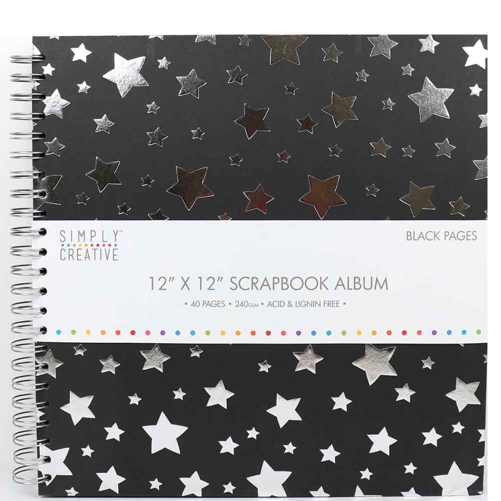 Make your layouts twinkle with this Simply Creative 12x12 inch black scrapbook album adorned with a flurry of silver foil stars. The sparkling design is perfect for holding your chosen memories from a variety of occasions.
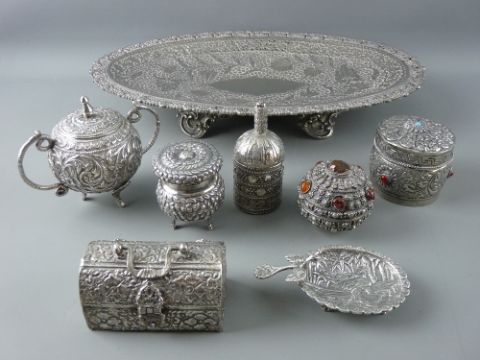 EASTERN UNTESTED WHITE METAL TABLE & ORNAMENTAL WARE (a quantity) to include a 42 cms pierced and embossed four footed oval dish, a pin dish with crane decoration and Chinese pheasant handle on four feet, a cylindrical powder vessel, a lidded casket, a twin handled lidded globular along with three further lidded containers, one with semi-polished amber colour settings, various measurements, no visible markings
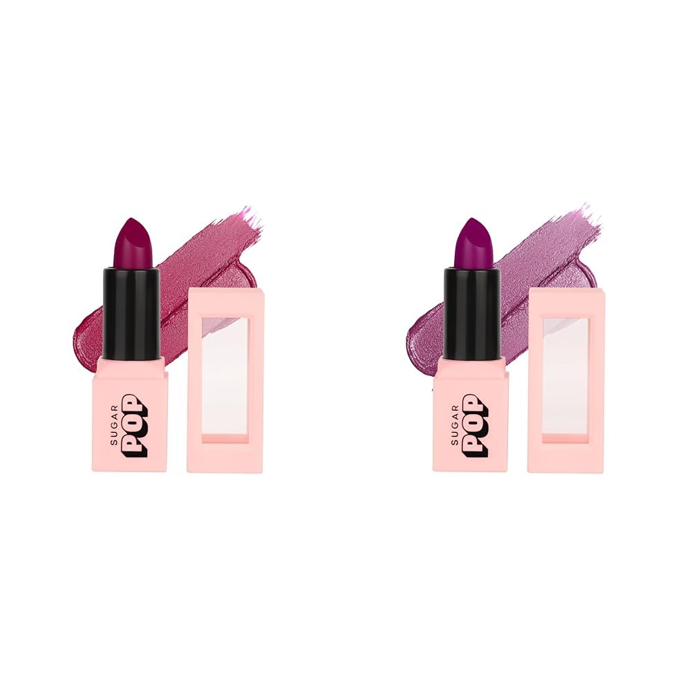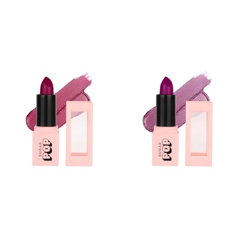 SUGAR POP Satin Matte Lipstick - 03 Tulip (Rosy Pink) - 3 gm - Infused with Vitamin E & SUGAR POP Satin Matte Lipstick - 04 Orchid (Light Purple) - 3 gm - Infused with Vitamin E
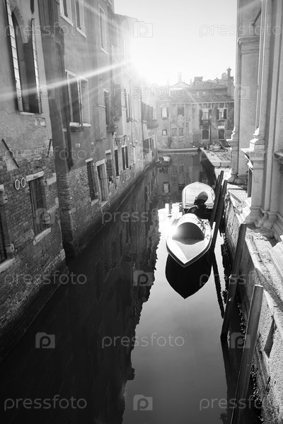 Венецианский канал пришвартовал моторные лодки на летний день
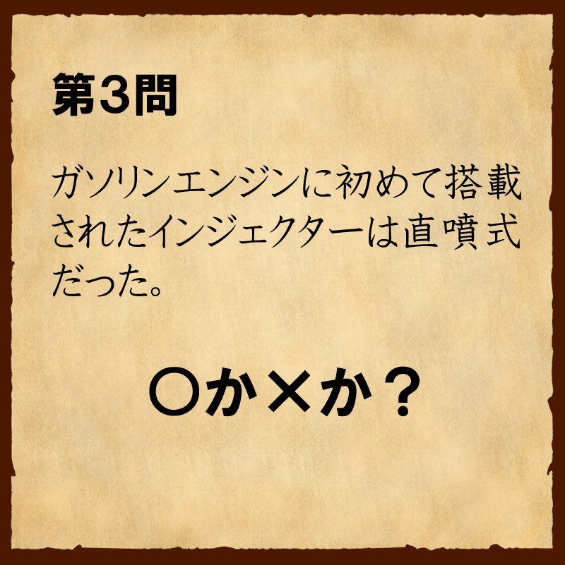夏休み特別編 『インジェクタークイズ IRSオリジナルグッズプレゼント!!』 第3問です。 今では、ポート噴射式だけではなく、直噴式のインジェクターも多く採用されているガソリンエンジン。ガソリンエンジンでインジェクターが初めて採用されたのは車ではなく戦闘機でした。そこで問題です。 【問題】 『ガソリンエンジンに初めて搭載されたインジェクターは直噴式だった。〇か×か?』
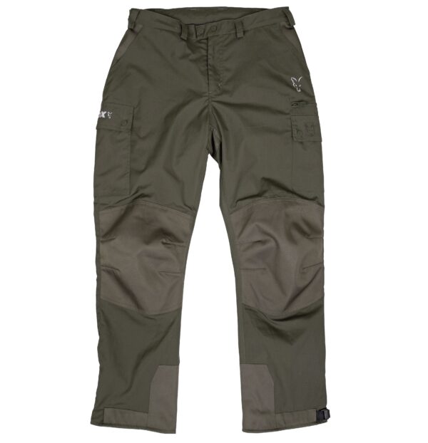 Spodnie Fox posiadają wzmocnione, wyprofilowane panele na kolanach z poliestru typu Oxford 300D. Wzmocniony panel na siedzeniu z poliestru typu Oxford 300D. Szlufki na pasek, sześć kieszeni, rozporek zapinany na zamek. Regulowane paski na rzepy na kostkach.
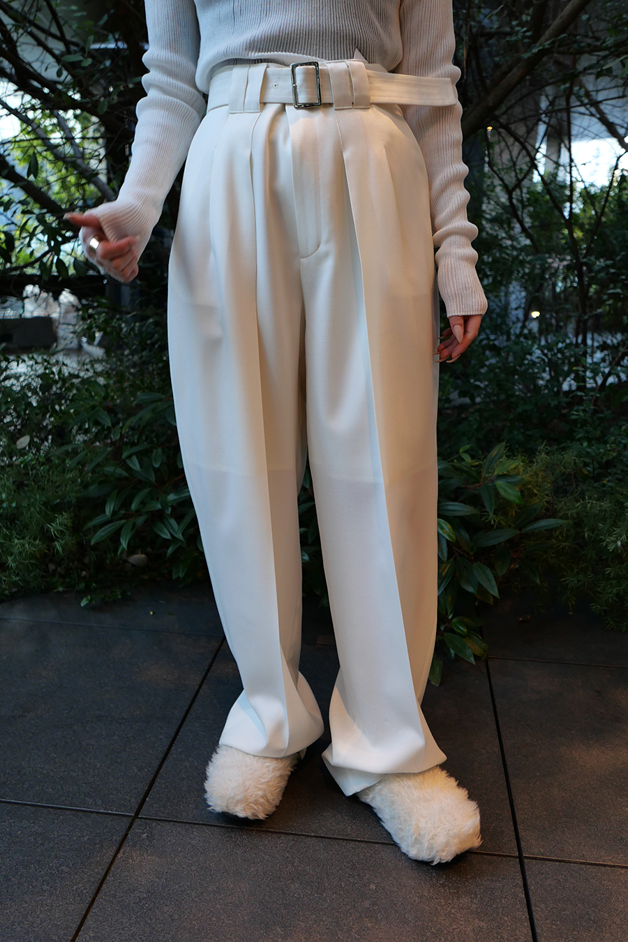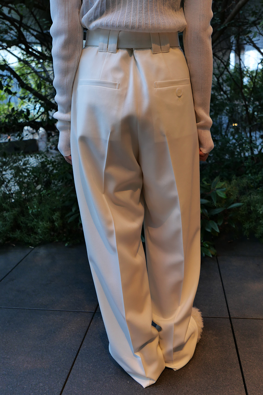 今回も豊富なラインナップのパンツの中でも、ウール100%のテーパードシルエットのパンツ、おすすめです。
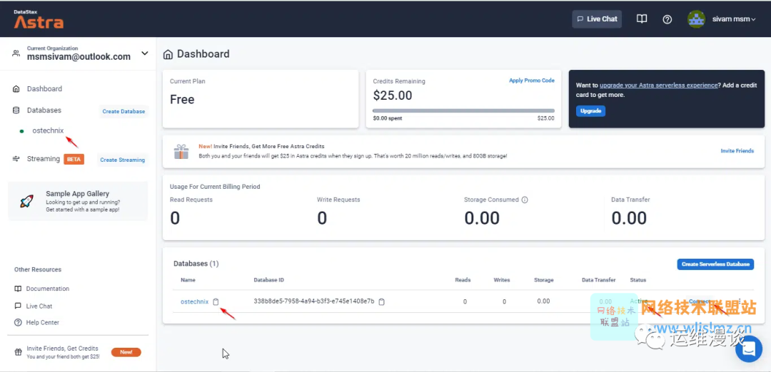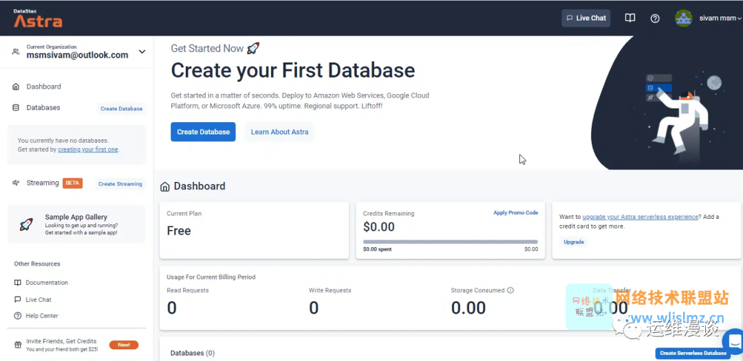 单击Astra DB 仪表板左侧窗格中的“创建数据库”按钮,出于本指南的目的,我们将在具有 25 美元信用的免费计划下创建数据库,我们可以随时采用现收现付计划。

----

Goal of the exercise: With the line containing "夏休み特別編 『インジェクタークイズ IRSオリジナルグッズプレゼント!!』" as the first line and the last line of the listing as the final one, reproduce that span exactly, without pictures.

Finished task:
夏休み特別編 『インジェクタークイズ IRSオリジナルグッズプレゼント!!』 第3問です。 今では、ポート噴射式だけではなく、直噴式のインジェクターも多く採用されているガソリンエンジン。ガソリンエンジンでインジェクターが初めて採用されたのは車ではなく戦闘機でした。そこで問題です。 【問題】 『ガソリンエンジンに初めて搭載されたインジェクターは直噴式だった。〇か×か?』
 Spodnie Fox posiadają wzmocnione, wyprofilowane panele na kolanach z poliestru typu Oxford 300D. Wzmocniony panel na siedzeniu z poliestru typu Oxford 300D. Szlufki na pasek, sześć kieszeni, rozporek zapinany na zamek. Regulowane paski na rzepy na kostkach.
 今回も豊富なラインナップのパンツの中でも、ウール100%のテーパードシルエットのパンツ、おすすめです。
 单击Astra DB 仪表板左侧窗格中的“创建数据库”按钮,出于本指南的目的,我们将在具有 25 美元信用的免费计划下创建数据库,我们可以随时采用现收现付计划。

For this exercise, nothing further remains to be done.